China, however, is still steering a path to recovery, and with workers at home demanding wage hikes — which also would increase the price of exports — the central bank has sought to curb speculation of a major strengthening of the yuan’s value.
“There is at present no basis for major fluctuation or change in the renminbi exchange rate,” the People's Bank of China said in a lengthy commentary posted on its website Sunday.
Keeping the rate at a “reasonable, balanced level” would contribute to economic stability and help restructure the Chinese economy with greater emphasis on services and consumption, the statement said.
The yuan’s value has been pegged to the U.S. dollar for two years, causing major friction with countries that say the yuan is undervalued to China’s own benefit. The bank’s statement said it would rely more on a basket of currencies that includes the U.S. dollar to determine the exchange rate, rather than the dollar alone.
Chinese officials long have said reforms to the currency would be gradual.
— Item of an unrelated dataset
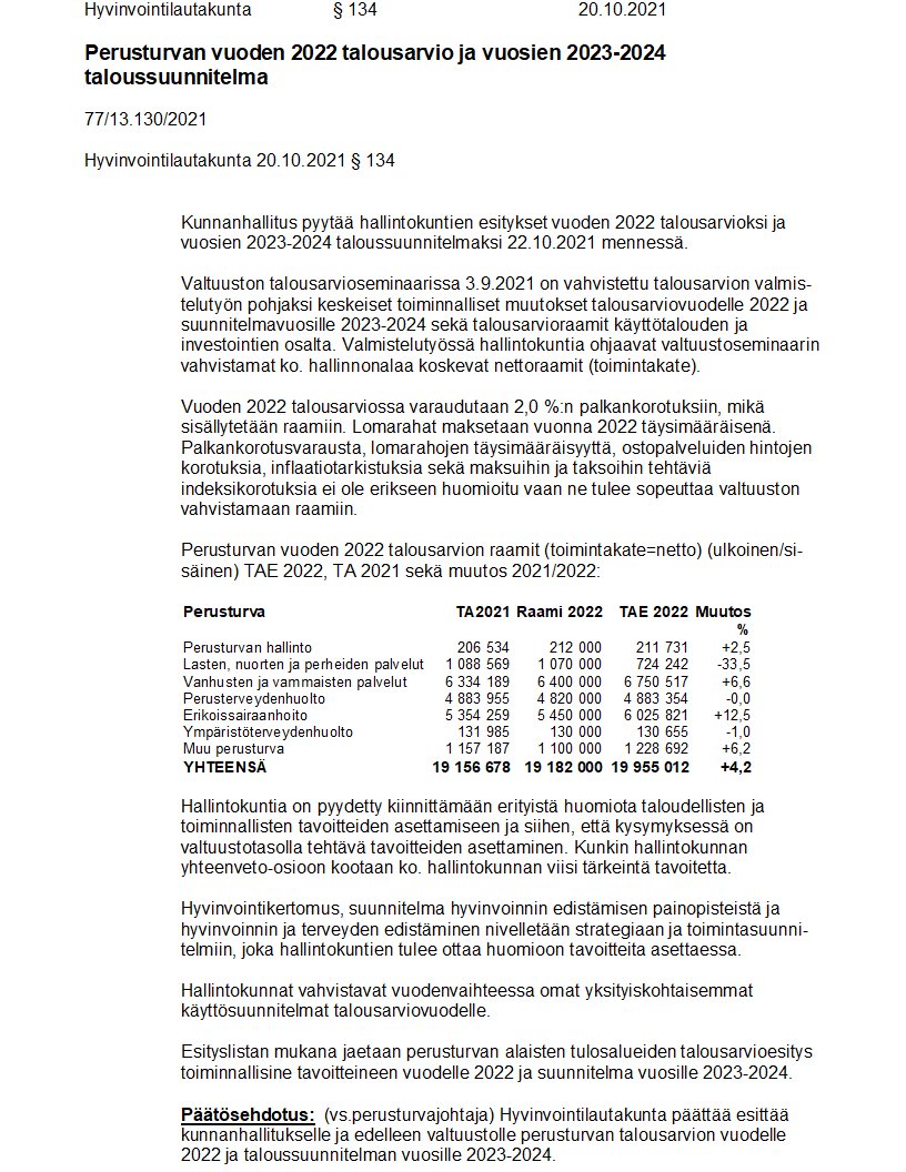 Pöytäkirja 20.10.2021/Pykälä 134

While no specific policy changes were mentioned, financial markets will be watched closely Monday for any effects.
The announcement follows warnings from Beijing last week against making its currency policies a main focus of the G-20 summit, being held June 26-27 in Toronto.
Industrial Bank economist Jiang Shu said the timing of the announcement marked an attempt to alleviate such pressures and forestall criticism of China at the summit.
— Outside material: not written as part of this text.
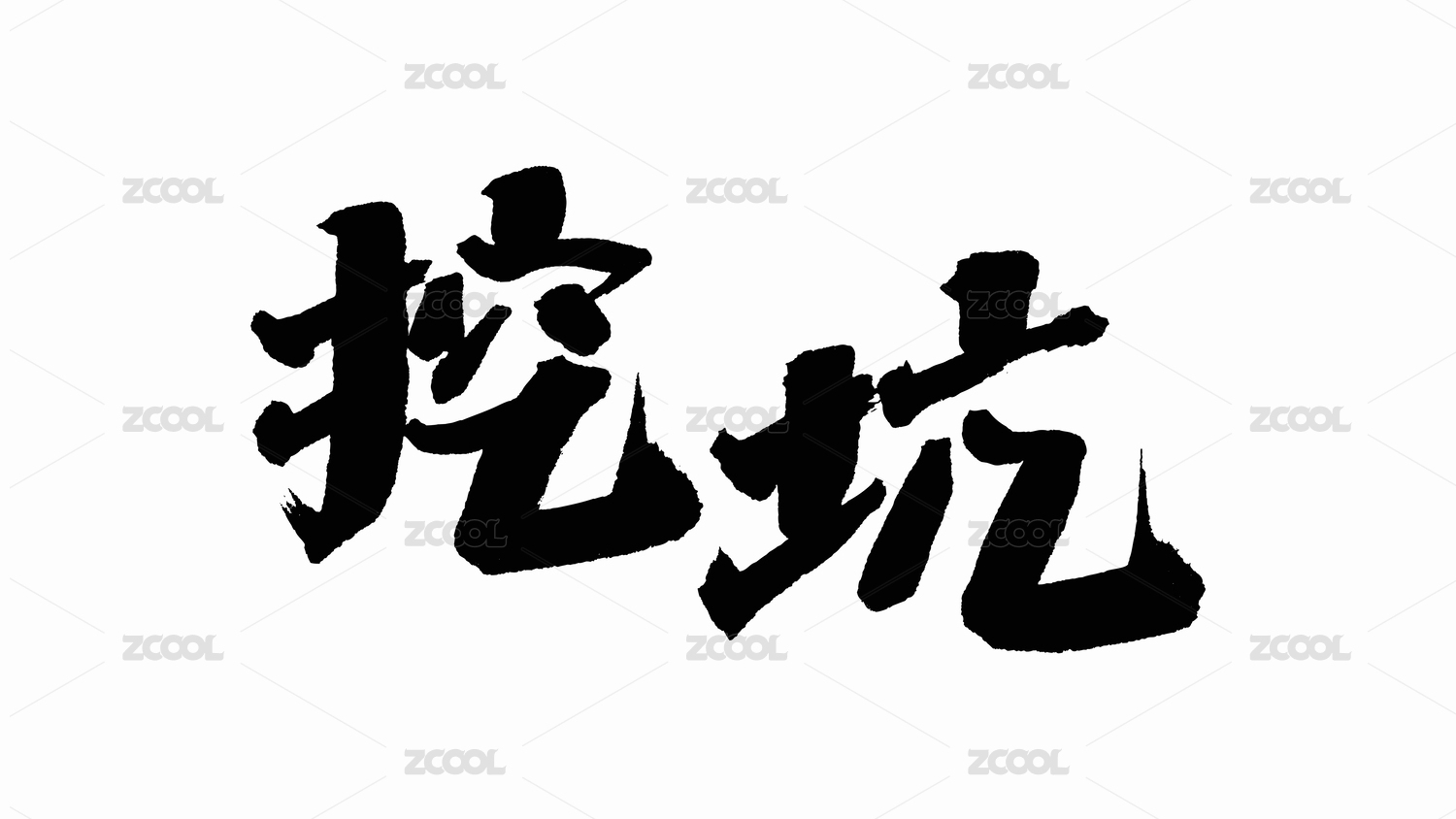 中国手写书法字体挖坑

“It’s a way of throwing out the carpet for the G-20, displaying again to international society the Chinese government’s determination on the exchange rate issue,” Mr. Jiang was quoted as saying on the website of the National Business Daily, a leading financial newspaper.
At home, though, many were skeptical about the announcement Saturday, accusing the government of caving to foreign pressure at the expense of Chinese economic health.
Writing on the National Business Daily website, economist Ye Tan said the move would pile pressure on exporters already contending with a roughly 15 percent appreciation of the renminbi against the euro, as well as rising labor costs.
“China’s exports are unstable and this is having a major impact on the actual economy,” Mr. Ye wrote. “Appreciation of the renminbi needs to wait until economic readjustment is certain and China’s domestic demand has truly expanded,” Mr. Ye said.